**Work request**
Down to the last line of the listing, starting at the one with "五、开锅,放葱茸蒜茸,爆香后", retype each line exactly. Do not copy the pictures.

**Provided material**
=== Begin Enclosure ===

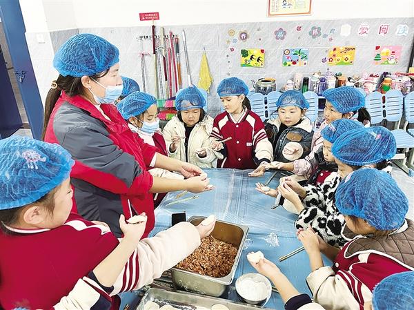 近日,在老师的耐心指导下,孩子们挽起袖子,揉面、擀皮,学习包饺子。为弘扬中华优秀传统文化,丰富校园文化生活,连日来,周口市颍河中学小学部组织学生开展以“冬日暖意浓,饺香情更长”为主题的包饺子劳动实践活动,让孩子们切身感受劳动之美。记者 王吉城 摄
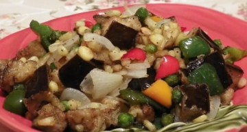 五、开锅,放葱茸蒜茸,爆香后倒入一半的茄子丁,全部蔬菜,翻几下,放几滴料酒、洒黑胡椒,粉点入精盐和一点点糖,快速翻匀,装盘。
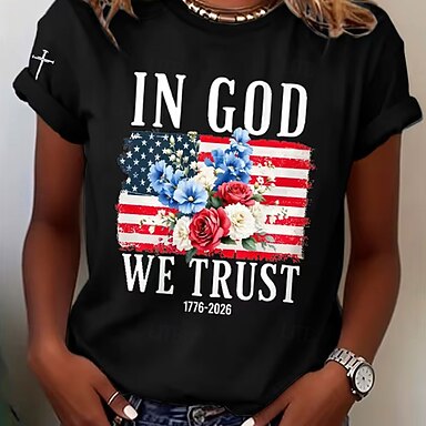 Amerikan itsenäisyyspäivä Naisten T-paita Painettu Kuvitettu Lippu Tähti Tyylikäs Klassinen Vapaa-aika Lyhythihainen Tiukka pyöreä kaula-aukko Pyöreä kaula-aukko Tavalliset topit Päivittäin Musta

=== End Enclosure ===

**The completed task**
 五、开锅,放葱茸蒜茸,爆香后倒入一半的茄子丁,全部蔬菜,翻几下,放几滴料酒、洒黑胡椒,粉点入精盐和一点点糖,快速翻匀,装盘。
 Amerikan itsenäisyyspäivä Naisten T-paita Painettu Kuvitettu Lippu Tähti Tyylikäs Klassinen Vapaa-aika Lyhythihainen Tiukka pyöreä kaula-aukko Pyöreä kaula-aukko Tavalliset topit Päivittäin Musta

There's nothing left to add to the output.